Em um país com tantas carências, assim que um problema sai da linha de frente outros ocupam seu lugar. Assim, depois do longo domínio conservador na economia, o desemprego passou a ser o primeiro problema a ser enfrentado. Mas as carências sociais no Brasil são grandes só podem ser resolvidas com anos e anos de crescimento econômico. E só se consegue crescer por muito tempo com planejamento. E com debate democrático — ideia proscrita dos manuais da “ortodoxia”.

Infelizmente, mesmo no ciclo progressista prevaleceu em nosso cotidiano aquele mecanismo ingrato que impede o país de discutir seu futuro. Para a direita e sua mídia há, basicamente, duas medidas que o governo precisava adotar — e que agora o golpe adotou — no campo econômico: reformas da Previdência (componente fundamental da PEC 55, aquela que limitou o teto de gastos sociais e infra-estruturais) e da legislação trabalhista. Como os governos progressistas não adotaram nada que passasse perto dessas medidas, o coro conservador tratou de desqualificar as propostas desenvolvimentistas anunciadas, com gritos histéricos de uma parte dos “comentaristas” econômicos contra o então ministro da Fazenda, Guido Mantega.

Eles pediram, insistentemente, coragem ao governo para enfrentar os partidos de esquerda e o movimento sindical — na vida real, os interesses dos trabalhadores — para identificar o que convinha ao país — segundo um editorial do jornal O Estado de S. Paulo. Mantega anunciara que o governo seguiria outro caminho. Ele disse que as medidas para destravar o país eram um problema complexo, com vários capítulos. ”Não é pouca coisa”, afirmou. O ministro disse também que o governo vinha trabalhando a todo o vapor para construir um programa coerente que melhorasse a economia, e não a prejudicasse. ”Estamos fazendo um milagre”, afirmou.

O ministro também afirmou que o governo pretendia abrir uma discussão ”com toda a sociedade brasileira” para definir se havia necessidade ou não de uma nova reforma da Previdência. Segundo ele, não havia decisão no governo sobre a necessidade ou não de medidas adicionais, além das de melhoria de gestão. Ele afirmou que seria uma discussão aprofundada e feita às claras — medida que deve ter arrepiado os ”ortodoxos”.

Ao lado de Mantega estava Dilma Rousseff.
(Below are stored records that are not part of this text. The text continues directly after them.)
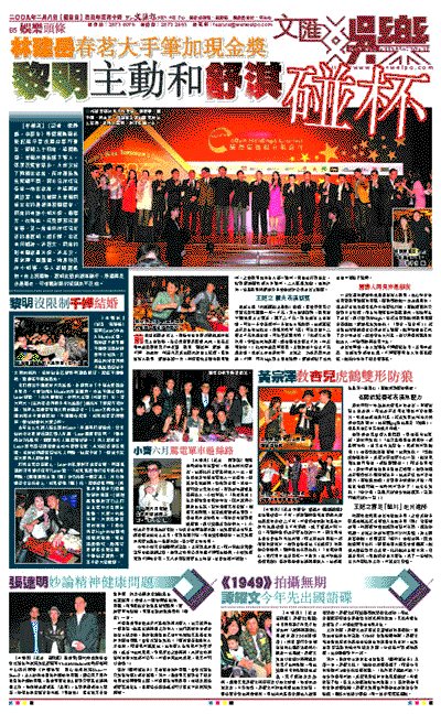 【本報訊】(記者 梁靜儀、李慶全)豐德麗集團前晚假灣仔君悅酒店舉行春茗,筵開三十四席,場面熱鬧,老闆林建岳旗下藝人、導演及賓客眾多,大會安排了兩圍主家席,而林建岳為免照顧不周,與女兒林恬兒各坐一檯主家席,中場再對調位置,率先能與大老闆同坐左右的是舒淇和劉德華,同席的有徐小明夫婦、詹瑞文、杜琪峰、任賢齊和任達華等,另一席坐於林恬兒左邊的是黎明、楊千嬅,右邊有何韻詩、許冠文,同席的則有劉家昌夫婦、許志安、黃宗澤、劉偉強、樂易玲及林小明等,各人都開懷暢飲。台上祝酒時,黎明主動向舒淇碰杯,所謂再見亦是朋友,可惜攝影師的鏡頭來不及拍。
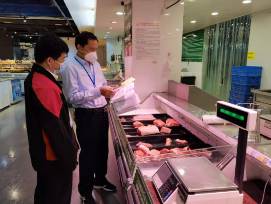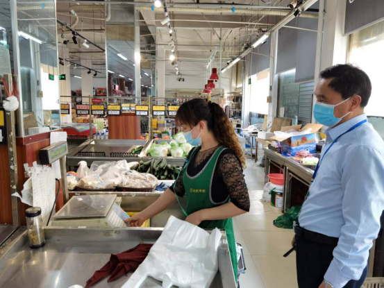 检查组一行重点对相关食品经营单位食品索证索票、进货查验、食品贮存、加工制售、分餐、消毒等情况进行了逐一检查,抽取了猪肉、白菜、辣椒、苹果等部分肉类蔬果商品,核对物价和销售单据,并向企业负责人和相关人员宣传了疫情防控、食品安全等相关法律法规知识。
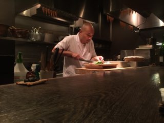 目の前で一皿ずつ仕上げてくれる様子を肴に熱燗をちびちびと。

Quando ela assumiu a Casa Civil, recebeu a incumbência de Lula de trabalhar duas prioridades: a logística e avançar na área energética. Caracterizada por José Dirceu, então ministro-chefe da Casa Civil, como sua ”camarada de armas”, Dilma chegou pregando que os ‘ministros teriam de gastar tudo, “nem um milímetro a menos, nem um tostão a menos”.
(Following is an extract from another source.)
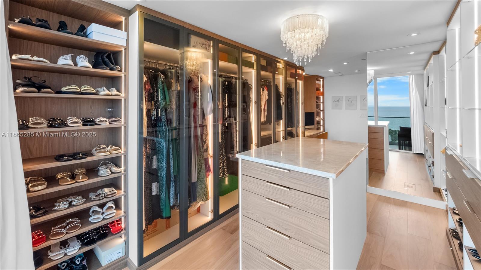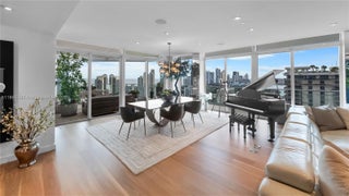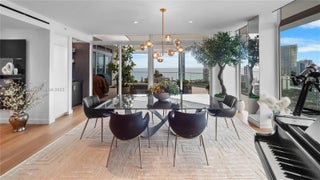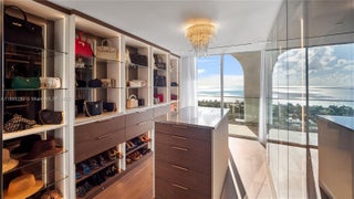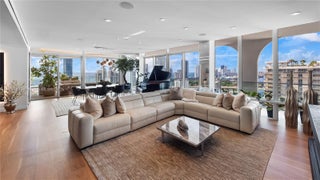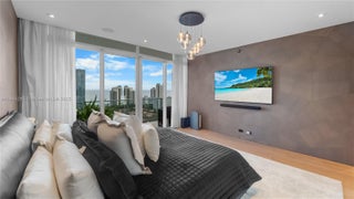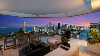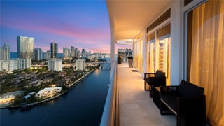 Experience luxury living in this exclusive Penthouse with breathtaking direct ocean and Intracoastal views. Perfectly located near Aventura Mall, beaches, and fine dining, this 5-bedroom, 3.5-bath residence features two master suites, including a primary with a custom women's closet and a stunning Versace-tiled bath. The gourmet kitchen boasts Wolf & Sub-Zero appliances, Italian finishes, and Cristalito countertops with underlighting. Elegant interiors include custom cabinetry, a Versace-trimmed fireplace, Sonos audio, Lutron lighting, and remote blinds. A wraparound balcony invites outdoor dining and entertaining. Resort-style amenities include pool, valet, fitness center, restaurant, theatre, social room & marina.Fully funded reserves.

A ideia central das propostas do governo, de acordo com Dilma, estava na redução dos custos logísticos para garantir a competitividade do setor produtivo, além de garantir as condições necessárias para permitir o desenvolvimento do país. ”Antes do atual governo, não havia planejamento para o setor, e tivemos que correr atrás. É certo que não podemos ficar a reboque de ações pontuais, mas sim montar uma infra-estrutura que garanta a aceleração do crescimento”, ressaltou. Estava começando a era do Programa de Aceleração do Crescimento (PAC).